The American East Division champion

American Athletic Championship Game, L 13–24 vs. Houston

Boca Raton Bowl, L 17–32 vs. Toledo
- Conference: American Athletic Conference
- East Division
- Record: 10–4 (7–1 AAC)
- Head coach: Matt Rhule (3rd season);
- Offensive coordinator: Marcus Satterfield (3rd season)
- Offensive scheme: Spread
- Defensive coordinator: Phil Snow (3rd season)
- Base defense: 4–3
- Home stadium: Lincoln Financial Field

= 2015 Temple Owls football team =

American college football season

The 2015 Temple Owls football team represented Temple University in the 2015 NCAA Division I FBS football season. The Owls were led by third-year head coach Matt Rhule and played their home games at Lincoln Financial Field.
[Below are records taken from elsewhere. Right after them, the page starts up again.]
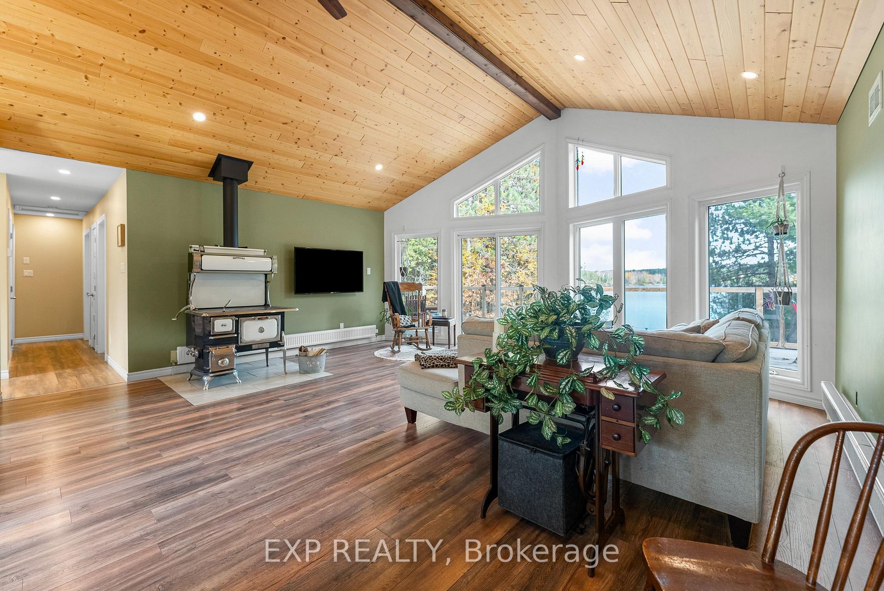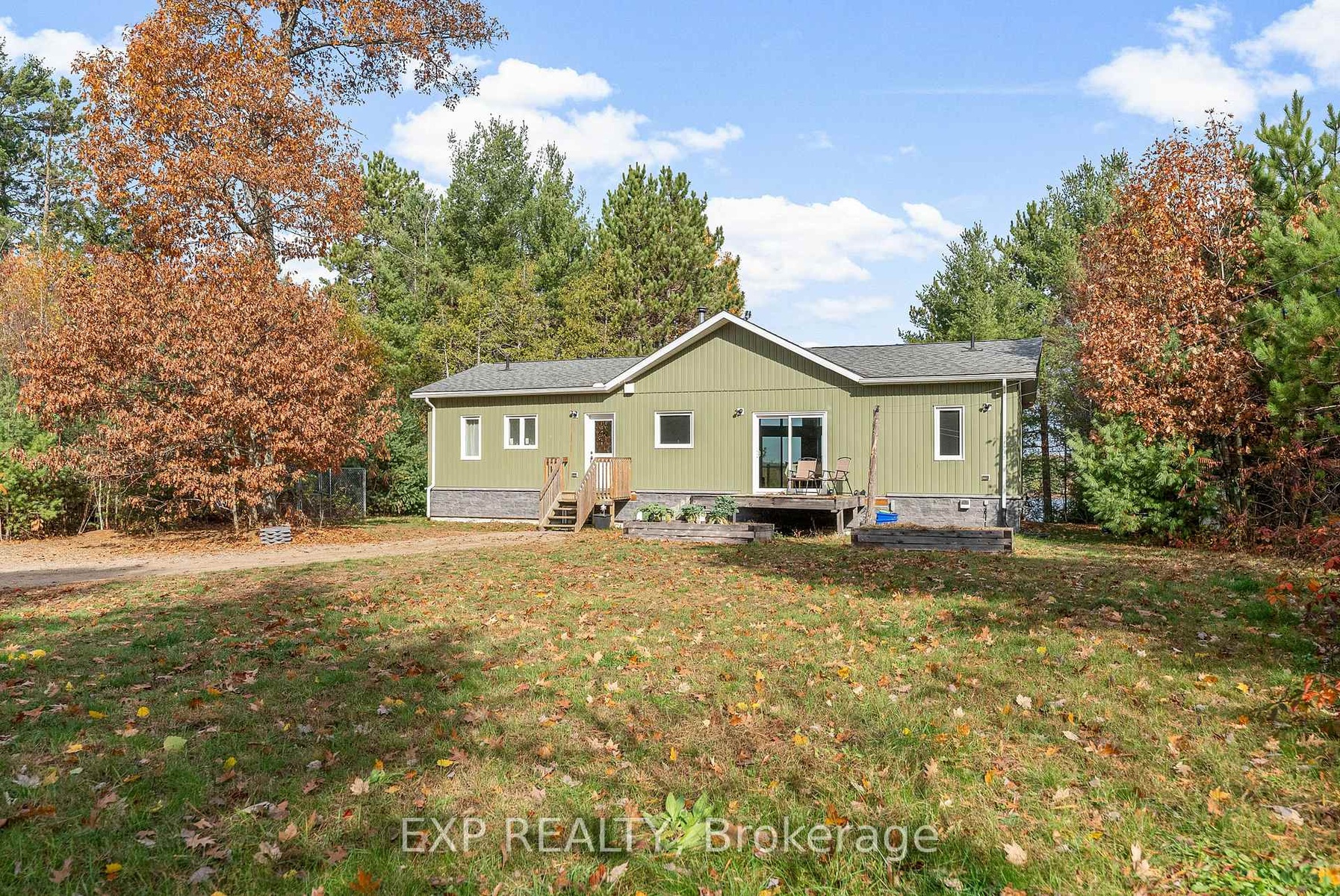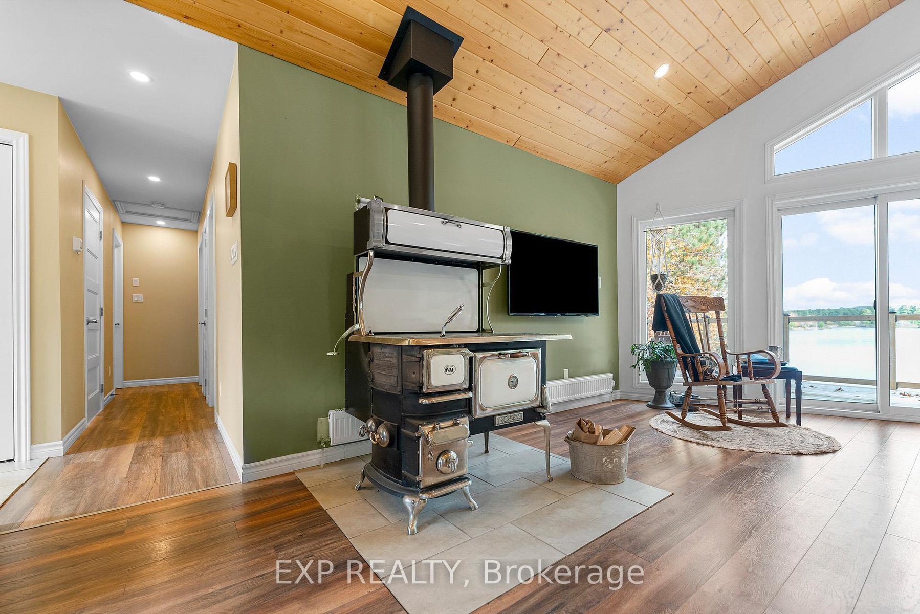 Newly built in 2019, 79 Warbler Way offers the perfect blend of comfort, craftsmanship, and natural beauty. This quiet oasis sits along the scenic shores of the Madawaska River, part of the sought-after Kamaniskeg Lake system offering over 90 km of boating, dining, and exploring opportunities.Step inside this 4-bedroom, 1.5-bath home and experience open-concept living at its finest. The vaulted ceilings, custom walnut kitchen with island, and timeless wood fire cookstove create a warm and inviting space filled with natural light. Walk out onto the sprawling deck and take in the tranquil waterfront views-ideal for morning coffee or evening sunsets. The primary bedroom features a convenient ensuite, already roughed-in for a shower of your choice. The main floor also offers laundry facilities, two additional bedrooms, and radiant heating for year-round comfort.The lower level, with towering ceilings and in-floor heat, doesn't feel like a basement. It includes a large recreation area with a walkout to the waterfront, a fourth bedroom, and a plumbed bathroom ready for your finishing touches.This home is off-grid solar powered with generator backup and the option to connect to hydro. Heating is provided by an outdoor wood furnace, supplemented by propane for efficiency. Beautiful landscaping leads to a sandy beach with a gentle slope into the water-perfect for swimming and family fun.To make this opportunity even better, the sale includes an additional vacant lot (MLS #X12499588), offering space to expand, build, or simply enjoy as a private buffer. Whether you're seeking a peaceful retreat or an active lifestyle on the water, 79 Warbler Way delivers it all.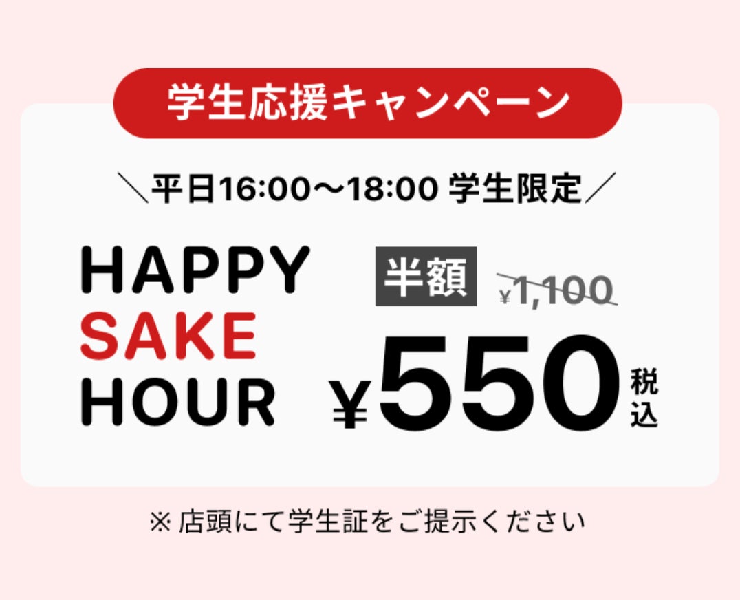 学生限定“HAPPY SAKE HOUR” 詳細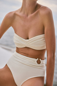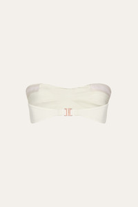 A classic Johanna Ortiz style, this sleek black bandeau bikini top features a twist-front design. Perfect for sunbathing or pairing with your favorite swim bottoms, it offers a timeless and versatile look for beach or poolside days. Size and Fit: Designed for a slim fit. Please refer to our size chart for detailed measurements and guidance. Product Details: Closure: Tie Fastening Composition: 80% Polyamide, 20% Elastane Fabrication: Lycra Color: Ecru Made in Colombia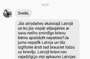 «Здравствуйте. Вы находитесь в красивой Латвии, что вы вообще позволяете себе со своим вонючим русским ребенком здесь оспаривать? Если вам не нравится Латвия и ее образованные врачи, поезжайте, пожалуйста, в Россию. В Латвии русские не нужны, они позорят Латвийскую Республику. Как вы вообще могли тут выложить мысли и замечания Сандры Карклини? Вы поступаете низко и противно, как и все русские», - написал Риналдс Друвиньш.

They were members of the East Division of the American Athletic Conference. They finished the season 10–4, 7–1 in American Athletic play to finish as champions of the East Division. They represented the East Division in the American Athletic Championship Game where they lost to Houston. They were invited to the Boca Raton Bowl where they lost to Toledo.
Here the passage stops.